At a makeshift table, master distiller Dave Pickerell was busy checking the alcohol content of a stream of samples of what was cooking that day: apple brandy.
To be totally accurate, apple eau de vie, the new brandy that can't be called by the "B" word until it has aged at least two years in wood.
This was one of the three distilling sessions that are held each year at the re-creation of George Washington's original distillery on the grounds of his Mount Vernon estate. It was rebuilt in 2007, using the outline of the original foundation discovered during an archaeological dig as well as notes from Washington's era, of stone and wood, thus resurrecting a facility that was the nation's leading distillery until it was gutted by fire in 1814, some 15 years after Washington's death.

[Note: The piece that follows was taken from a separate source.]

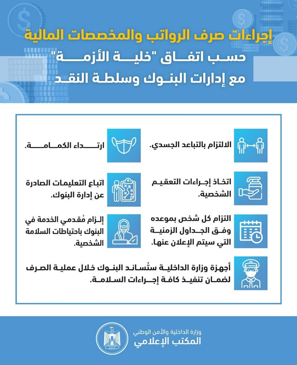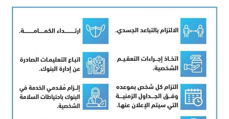 وشددت الداخلية على ضرورة الالتزام بالتباعد الجسدي، وارتداء الكمامة، واتخاذ إجراءات التعقيم الشخصية، واتباع التعليمات الصادرة عن إدارات البنوك.
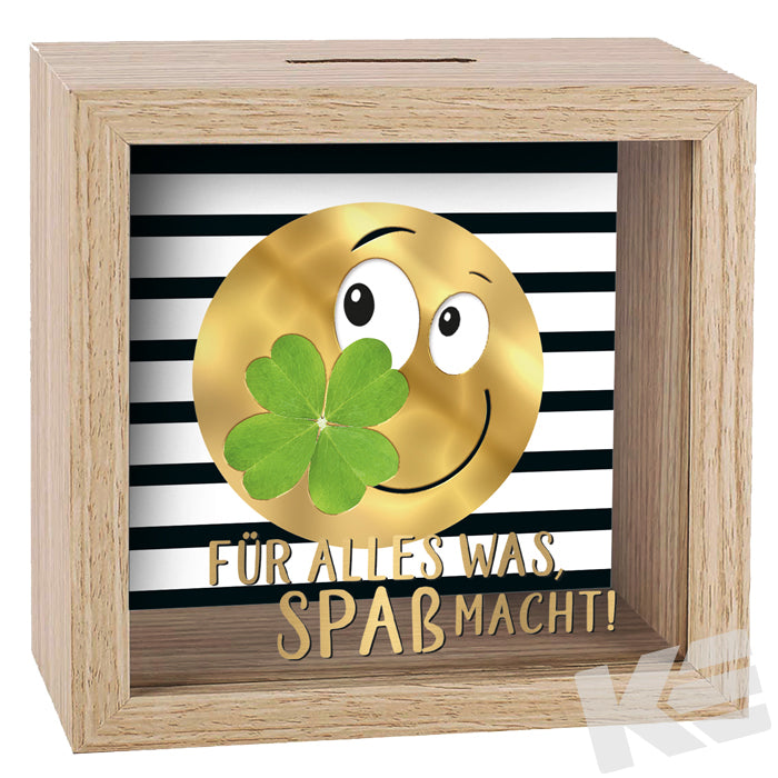 Spardose Holz braun mit Glasscheibe, Innen bedruckt inkl. Folienveredelung + Folie auf Frontglas, 11x11cm, Smiley

With Pickerell, the former master distiller for Maker's Mark and now owner of a bustling micro-distillery consulting business, leading all the work sessions since day one, Washington's distilled products have steadily been gaining in collector appeal. From unaged white spirit, such as Washington sold, to peach and now apple eau de vie as made by Washington, and the two-year-old aged rye whiskey that will be released on October 22, sellouts have been the order of the day.
[Go here for my tasting notes on the rye.]
The revival of the historic operation is a success story for the major sponsor, the Distilled Spirits Council of the United States (DISCUS), for Mount Vernon and for the distilling industry as a whole.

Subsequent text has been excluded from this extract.